As you know, “it’s either good or nothing about the dead,” at least at first. But years pass and everything is put in its place. In the case of Sasha Cherny, whose sharp, caustic satires that caused uncontrollable laughter were enjoyed by many, one could expect the emergence of overestimations, mixed with hidden vulnerability, professional envy or something else, for example, painful nationalism. This is especially expected when you are dealing with an unusual talent who, in turn, has adopted mocking satire, such as, for example, Venedikt Erofeev, who became famous in Samizdat for his murderously funny shocking masterpiece “Moscow - Petushki”. In notes in the margins of diaries, where non-satirists are usually especially merciless and in no way inclined to sentimentality, Venichka, as he liked to call himself, suddenly melted:

When you read antipodean peers, he argues, “you want to either be prostrate in the dust, or throw dust in the eyes of the peoples of Europe, and then get bogged down in something. I want to fall into something, but it’s not clear what, into childhood, into sin, into radiance or into idiocy. The desire, finally, to be killed with a carved blue frame and your corpse thrown in the thickets of euonymus. And so on. And with Sasha Cherny, “it’s good to sit under the black currants” (“eating up on ice-cold curdled milk”) or under a cypress (“and eating turkey with rice”).”

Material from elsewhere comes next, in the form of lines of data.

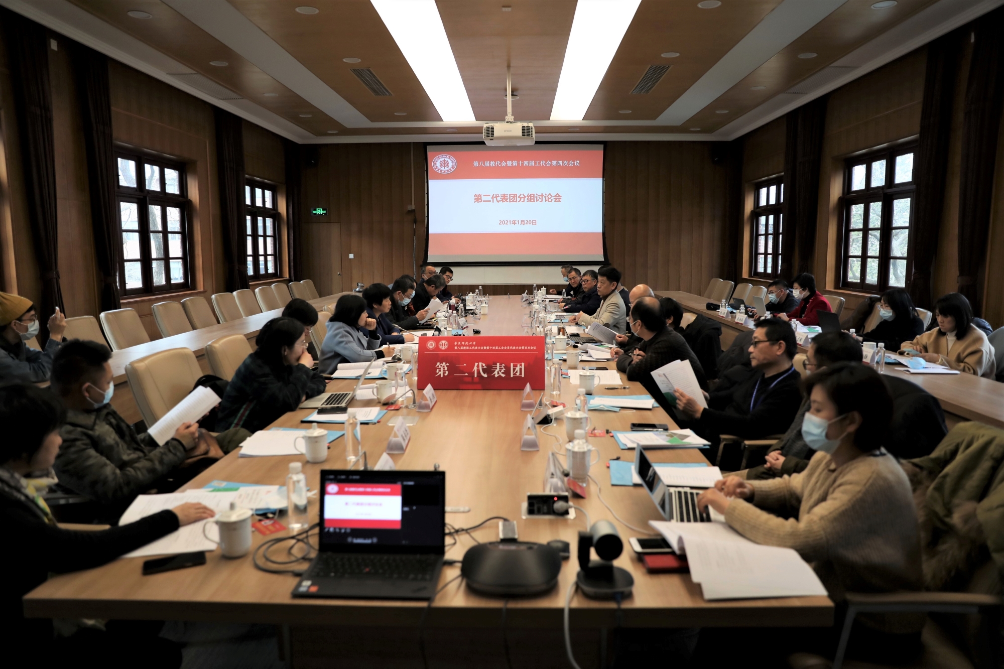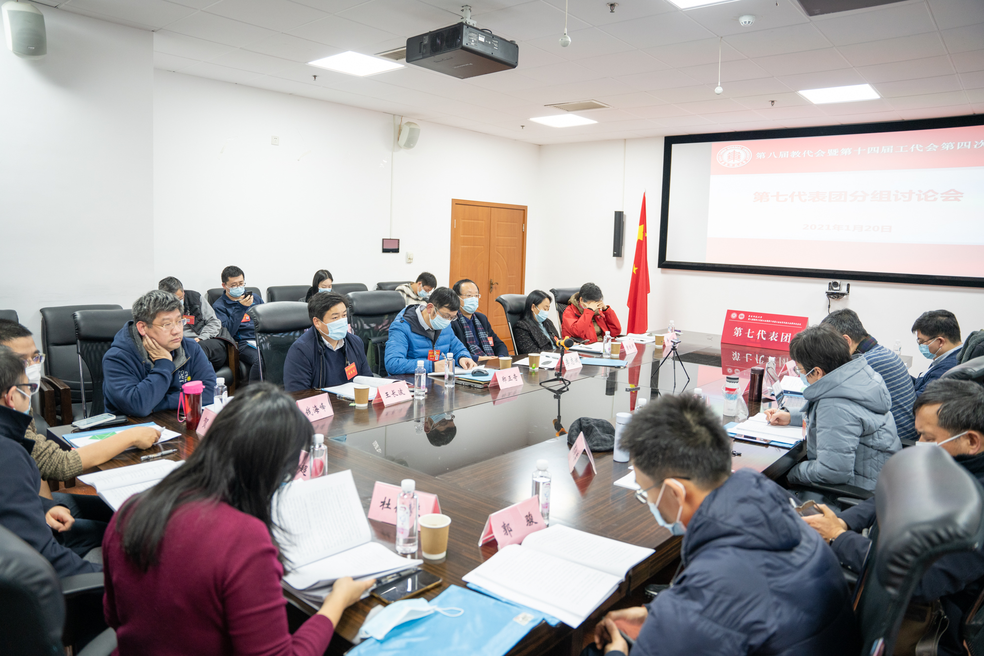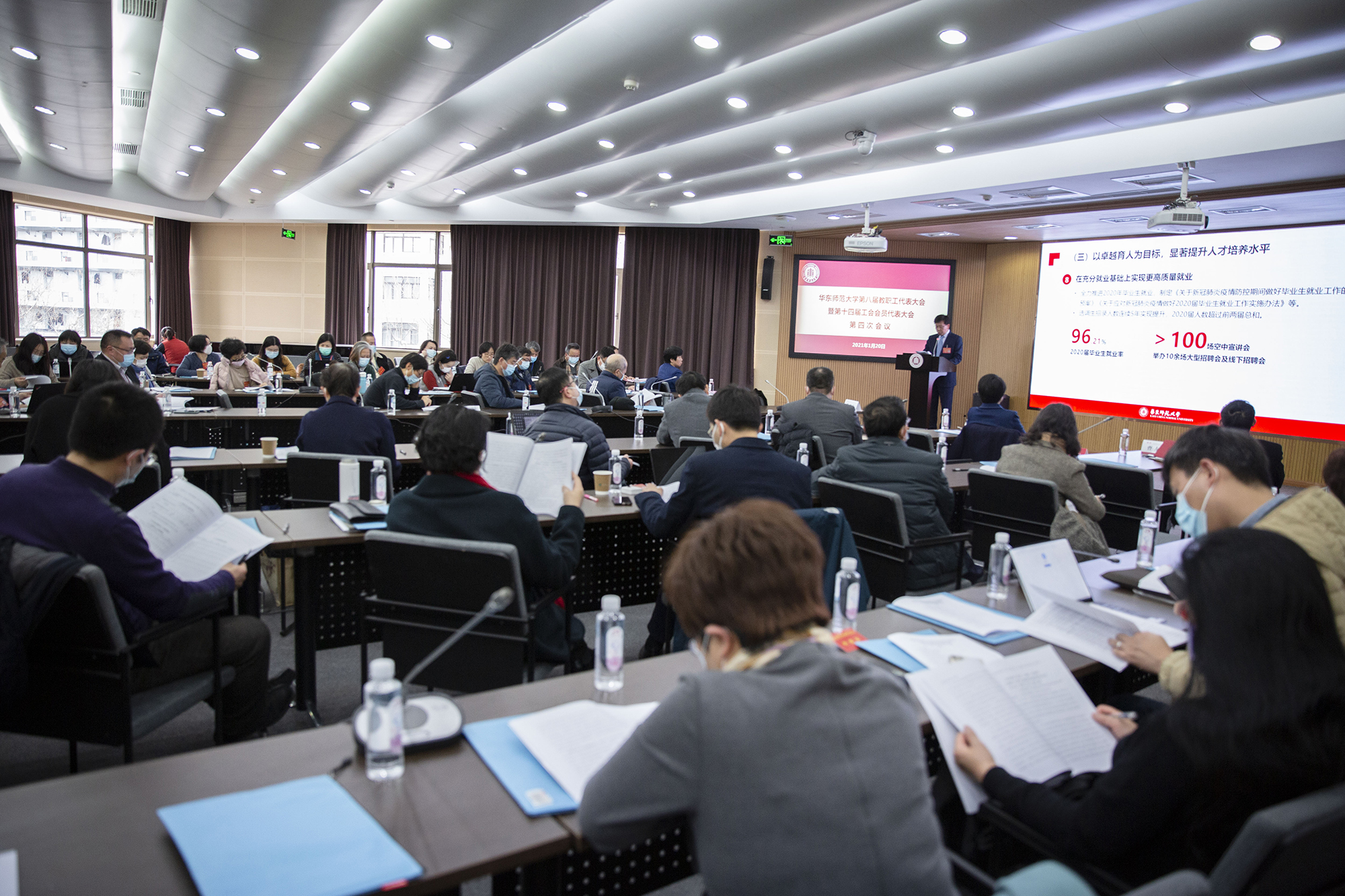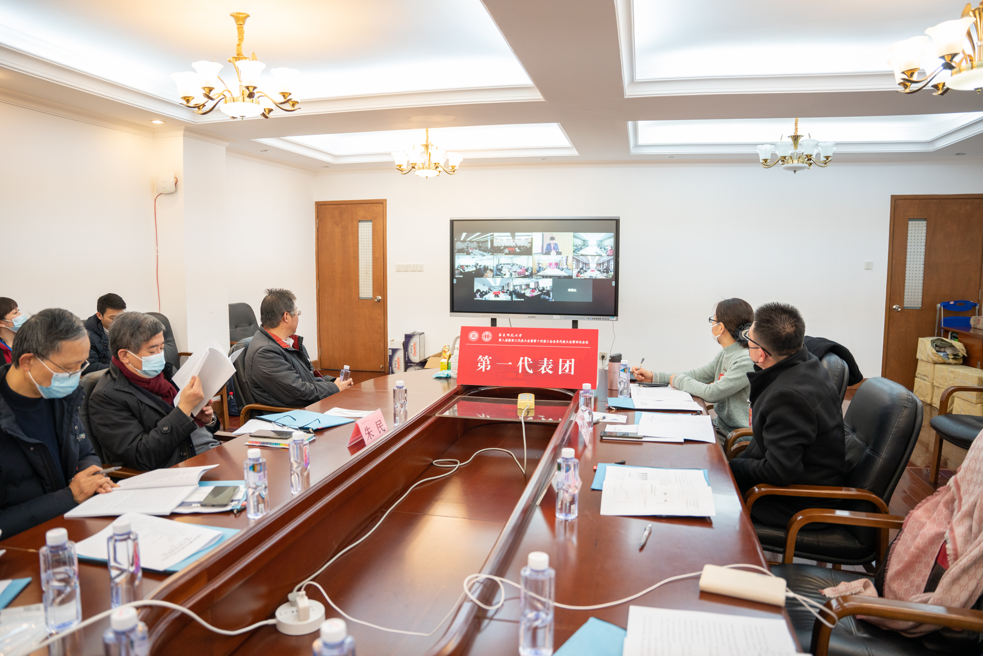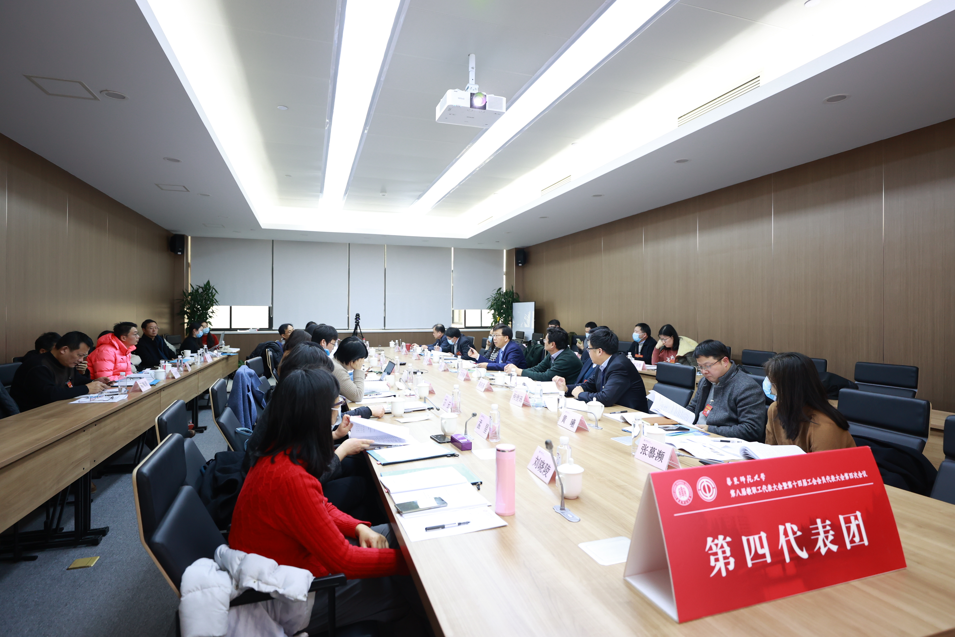 1月20日下午,在庄严的国歌声中,万象城awcsport官网第八届教职工代表大会暨第十四届工会会员代表大会第四次会议(以下简称“双代会”)召开。根据疫情常态化防控要求,本次大会通过线上线下相结合的方式设10个分会场在两个校区进行。
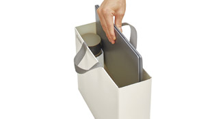 オフィスにもリビングにもなじむ柔らかいカラーリング。取っ手は本体よりも濃い色でアクセントになります。
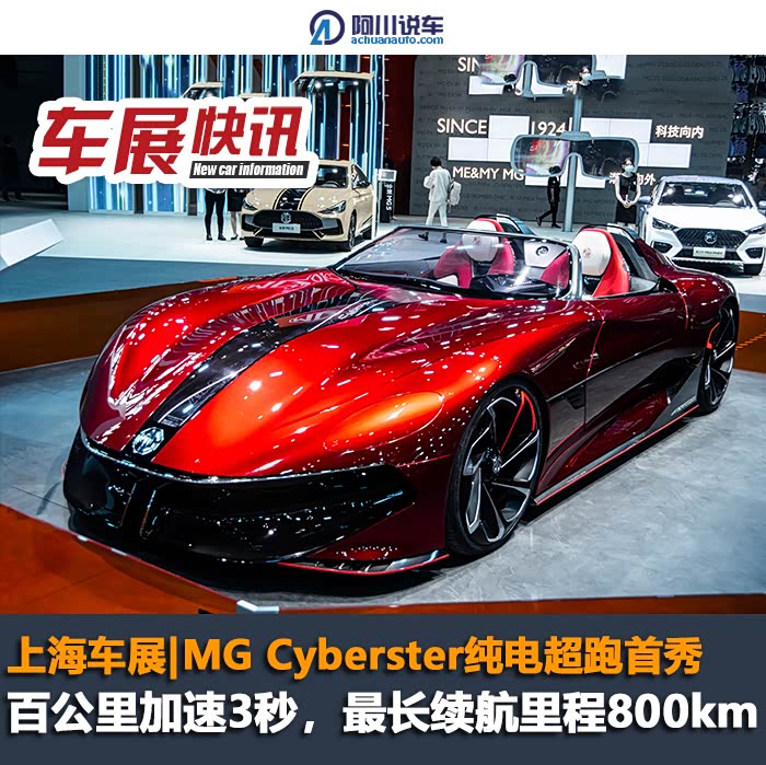 在展台中央的C位,就这样安静的停着一台超跑姿态的新车,21寸的轮胎以及贯穿车身的红色线条,配合车头处夸张的黑色“大嘴”,无一不彰显着它的运动属性。这就是名爵在上海车展中带来的全新车型——MGCyberster。
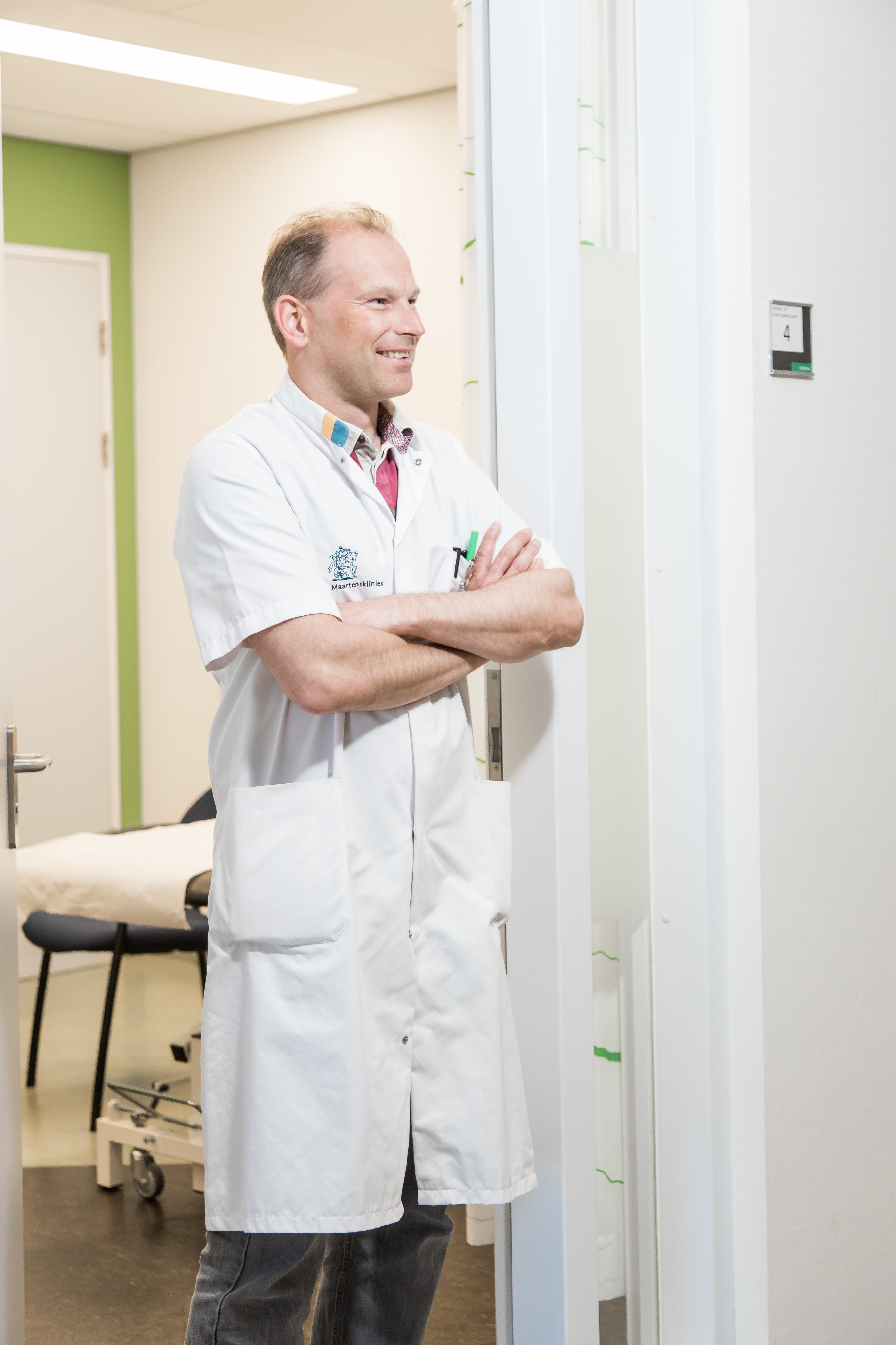 “Als ik in de Sint Maartenskliniek rondloop, schieten allerlei mensen mij steeds aan. Ze hebben me goed leren kennen de afgelopen jaren. Ik heb door Cerebrale Parese een spastische spier in mijn rechterbeen die niet goed meegroeide met de andere spieren. Om die scheefgroei te herstellen, heeft dokter Arno eerst mijn heup rechtgezet. Daarna volgende nog enkele ingrepen, zoals aan mijn knie. Die operatie is terug te zien in het televisieprogramma TopDoks. Ik vond het belangrijk om te laten zien wat zo’n operatie en de revalidatie erna inhouden.”
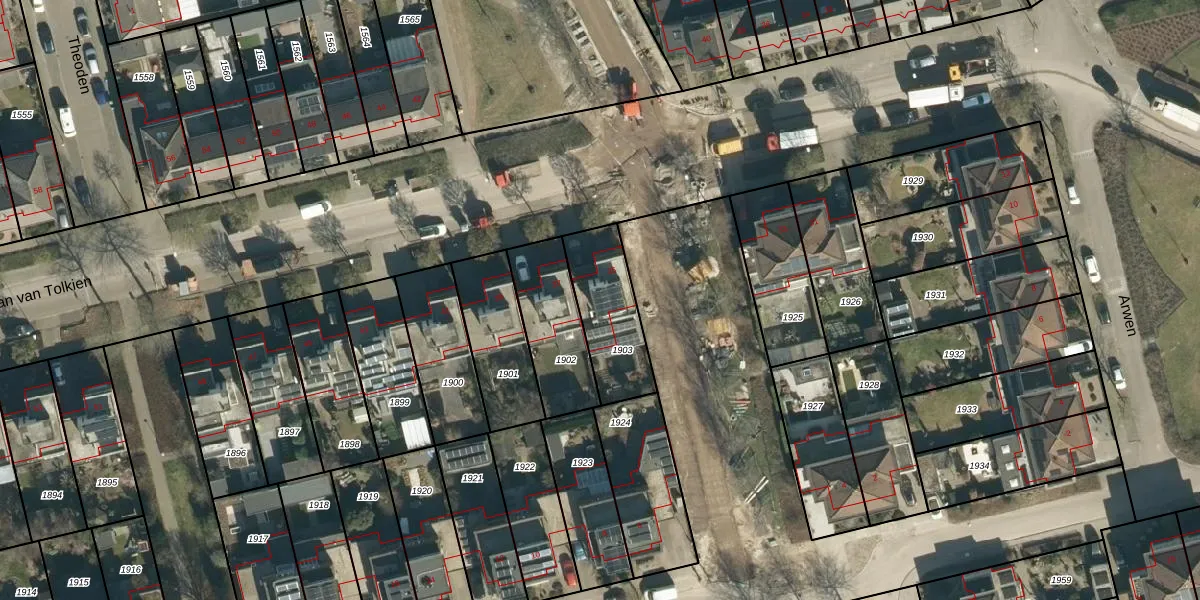 Gebruik de zoekbalk of klik op een perceel voor informatie over de adressen binnen dit perceel.
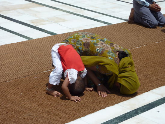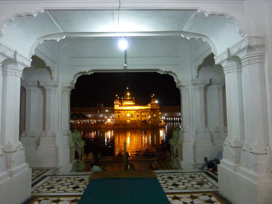 Der Teich ist quadratisch und im Zentrum steht der Tempel. Im Tempel sitzt ne Musikantengruppe und singt den ganzen Tag religioese Lieder, die auch nach draussen uebertragen werden. Die Pilger nehmen ein rituelles Bad und wandern um den Tempel und gehen natuerlich auch rein. Die Atmosphaere ist sehr mystisch!
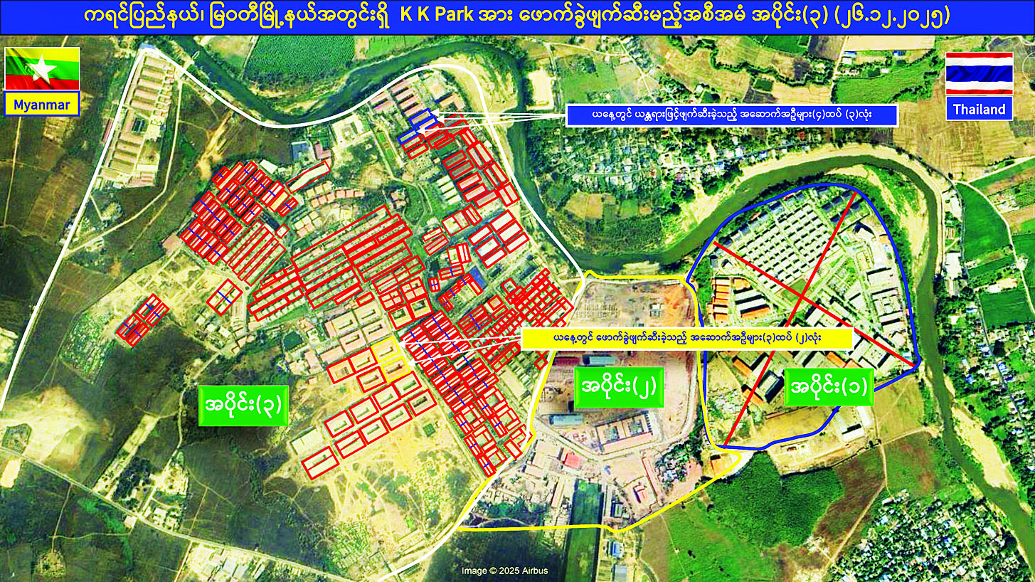 KK Park နယ်မြေအတွင်း အွန်လိုင်းလိမ်လည်လောင်းကစားမှု ကျူးလွန်ရာတွင် အသုံးပြုသည့် တရားမဝင်အဆောက်အအုံ ၅၀၄ လုံးကို စနစ်တကျဖြိုချဖျက်ဆီးပြီးစီး၊ အွန်လိုင်းလိမ်လည်လောင်းကစားမှုကျူးလွန်ရာတွင် အသုံးပြုခဲ့သည့်ပစ္စည်းများအား စနစ်တကျဆက်လက်မီးရှို့ဖျက်ဆီး
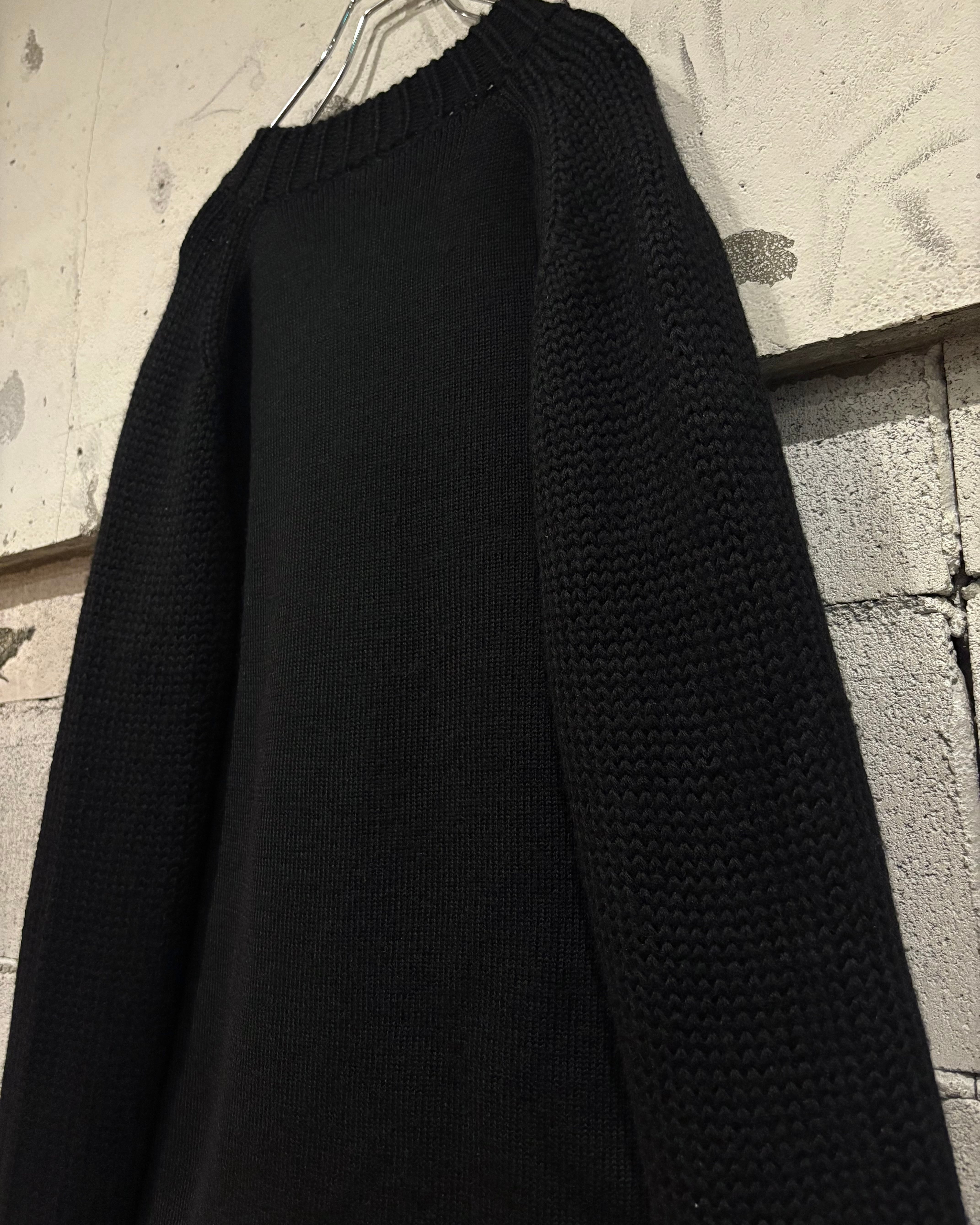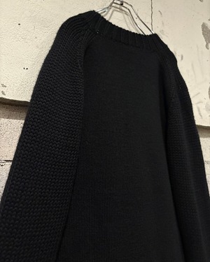 ボディ部分は細かい天竺編みでクリーンに仕上げられ、対してアームやショルダーはざっくりとしたローゲージの編地を採用。異なる編み地の切り替えが立体的な表情を生み、シンプルながらも奥行きのあるデザインに仕上げられています。

Even the incomparable Vladimir Nabokov, who is painfully sensitive to the slightest flaws in style and merciless to his fellow writers, uttered unexpectedly touched warm words about Sasha Cherny: “There are only a few books left and a quiet, charming shadow.”

The feeling left behind by this poet, who talentedly mocked the shortcomings of his contemporaries, a reserved man whose smile almost no one saw, turned out to be quite unexpected and difficult to define. It's probably tenderness.